FIG. 6 is a portable device before and after the adsorption reaction for making edible ice or for cooling liquids. The water filler 65 is disposed in the cup-like water container 61. The water container 61 and the zeolite filler 64 are disposed within the zeolite container 63. The zeolite filler 64 consists of a solid zeolite blank which reinforces the zeolite container wall. Additional heat storage elements 66 are imbedded into the blank. They consist of water filled metal capsules, for example. The cup-like water container 61 is pushed with its opening against a sealing ring 67 in the lid of the zeolite container by means of a trigger device 68. The outer air pressure supplies the required pressure, whereby the bottom and the lid of the zeolite container 63 are slightly arched inwardly. Further substances may be admixed to the water filler 65 in water container 61, for example, milk products or basic lemonade substances. In order to initiate the adsorption reaction, the bottom of the zeolite container is mechanically deformed by means of a tongue until the trigger device 68 yields to the pressure of the steam in the water container 61 and separates the container from the sealing ring 67. Thus, the path for the steam to the zeolite filler 64 is free. Within a few seconds the water filler 65 is frozen into ice and the zeolite filler 64 is hot. The lid of the zeolite container 63 is removed and the ice filler together with the water container 61 are removed.

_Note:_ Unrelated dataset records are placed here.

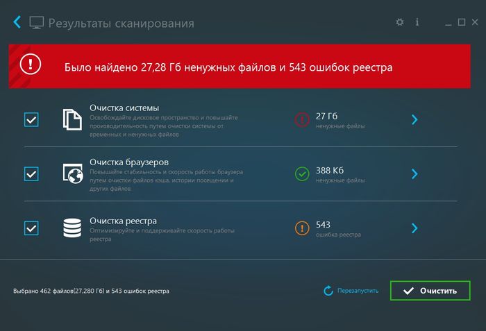 После запуска приложения пользователь видит основной экран с крупной красной кнопкой запуска сканирования. После нажатия открывается выбор компонентов для проверки: диск, браузеры, реестр. Можно отметить все пункты для полной диагностики. Процесс сканирования занимает несколько секунд, в зависимости от загруженности системы. По завершении отображается результат с разбивкой по категориям и количеством найденного мусора. Каждый элемент можно вручную оставить или включить в список на удаление. После подтверждения запускается очистка, после которой система становится чище и отзывчивее. Также доступен инструмент просмотра установленных программ и их деинсталляции без перехода в панель управления.
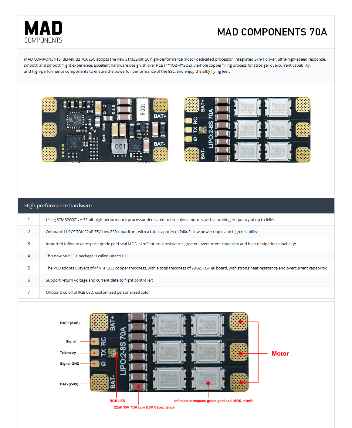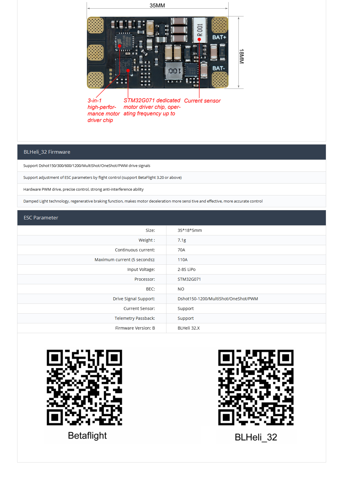 Drive signal support: DShot150-1200/MultiShot/OneShot/PWM
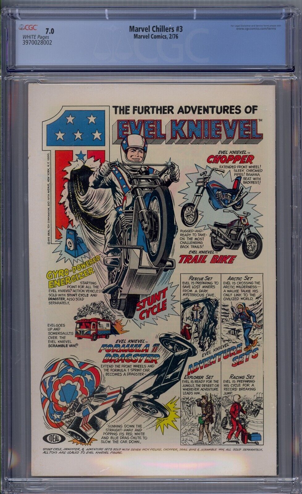 Grade: 7.0 Fine/Very FineMarvel Chillers #3 CGC 7.0.You will receive exactly what is pictured in the listing. Items will be shipped extremely carefully to insure they arrive in excellent condition.All S/H for this auction varies. I do combine items for shipping. Insurance is included with all shipping. For International buyers please note any custom fees charged by your country are your responsibility. I will always try to accommodate any special requests.If there are ever any problems regarding your purchase please contact me prior to putting in claims, leaving negative feedback, or giving out low ratings. I aim for 5 out of 5 stars all the time and will always do my best to fix any issues. I always make sure my customers are happy!!!!I ship fast and secure, just check my feedback. Please feel free to E-mail me with any questions or if you need larger scans. Please check out my other auctions!! Happy Bidding. Good Luck.
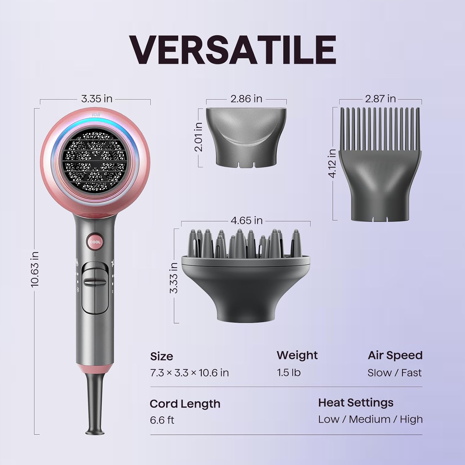 The dryer emits millions of negative ions to reduce static, smooth flyaways, and enhance shine—leaving your hair sleek, glossy, and healthy-looking.
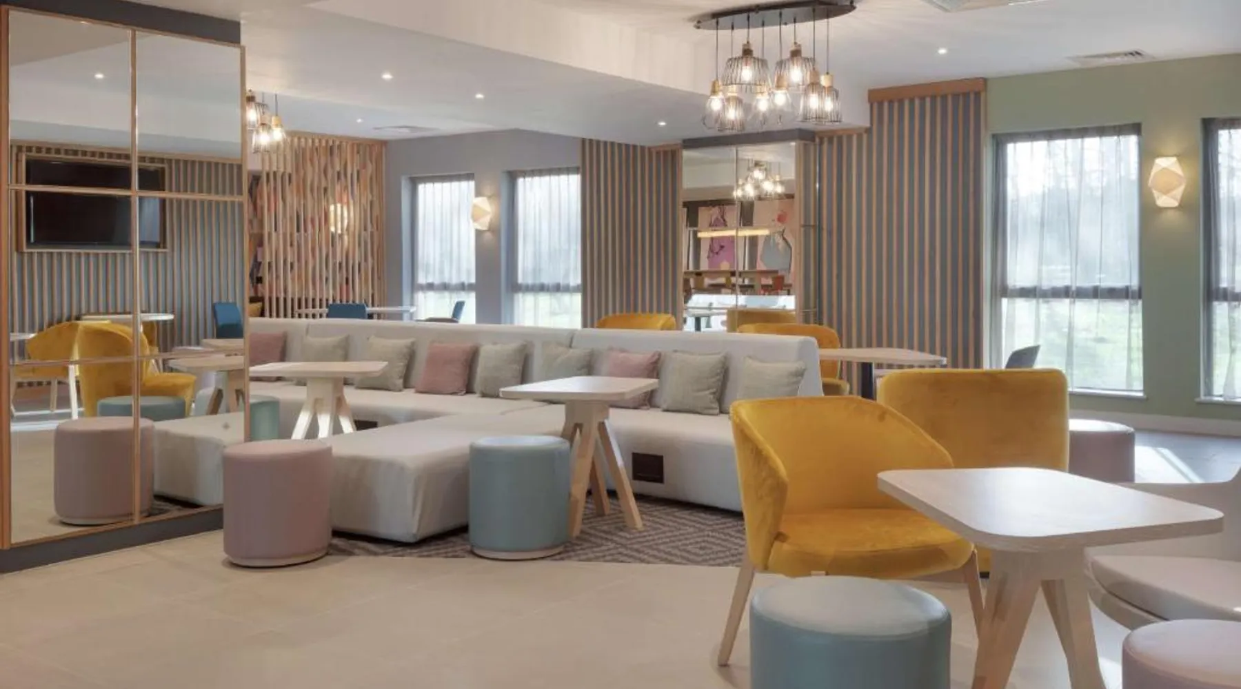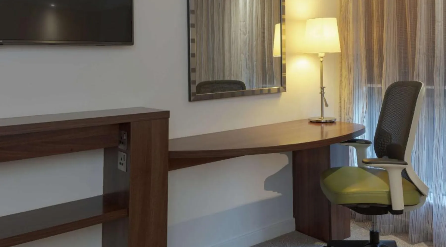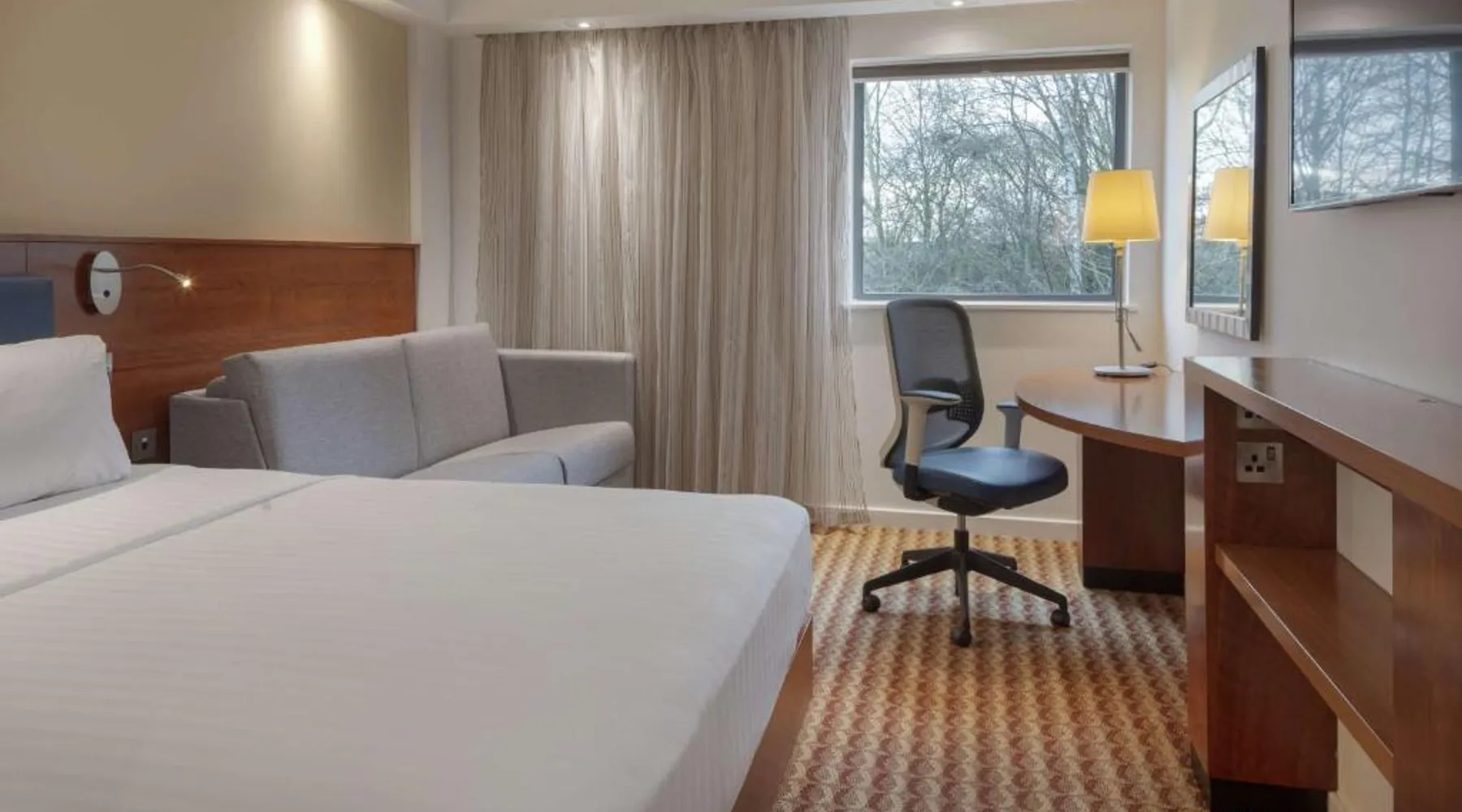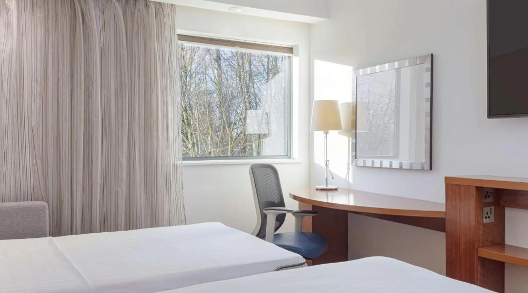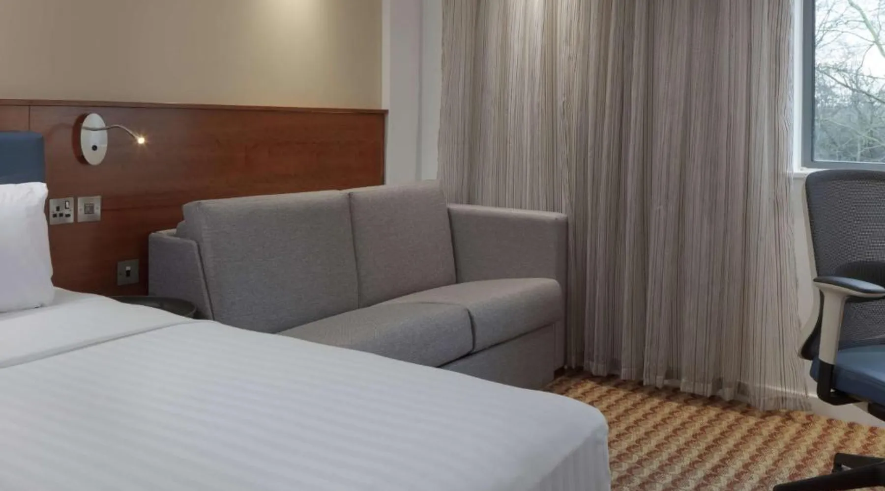 In Rockingham Leisure Park, Hampton has a fitness center and free private parking. There is a 24-hour snack shop and rooms feature free wired internet access and an LCD TV. The modern rooms with attached bathroom at the Hampton have an extra sofa bed, tea/coffee facilities, a work desk and a walk-in power shower. The Hampton Corby hotel bar serves hot snacks, while the restaurant offers traditional and international cuisine. A hot breakfast is available to guests. Hampton by Hilton Corby is a 20-minute drive from Kettering. The historic Rockingham Castle is 5 minutes' drive away. Corby Rail Station is within an 8-minute drive and London is a 90-minute train journey away. This double room is air-conditioned and features a flat-screen TV, a safe deposit box and heating. The unit offers 1 bed.

FIG. 7 illustrates a further embodiment of a device for making ice before and after the adsorption reaction. The zeolite container 73 contains the zeolite filler 74 as well as the water container 71 with the water filler 75. A further container 77 extends into the zeolite filler 74 which contains a heat storage mass, for example, water, coffee, etc. A plug device 78 extends through the bottom of container 77 and into the flexible water container 71. An opening is pierced into the lower sheath of the water container 71 with this plug device 78 for making ice. Thereupon, the water filler 75 discharges into the zeolite free part of the zeolite container 73 and freezes into ice in a few seconds. The zeolite filler 74 feeds a part of the released adsorption heat to the heat storage mass in container 77. After the ice is formed, the lower part of the zeolite container 73 together with the ice filler is separated from the remaining part of the device.
Thus, the several of afforenoted objects and advantages are most effectively attained. Although several somewhat preferred embodiments have been disclosed and described in detail herein, it should be understood that this invention is in no sense limited and its scope is to be determined by that of the appended claims.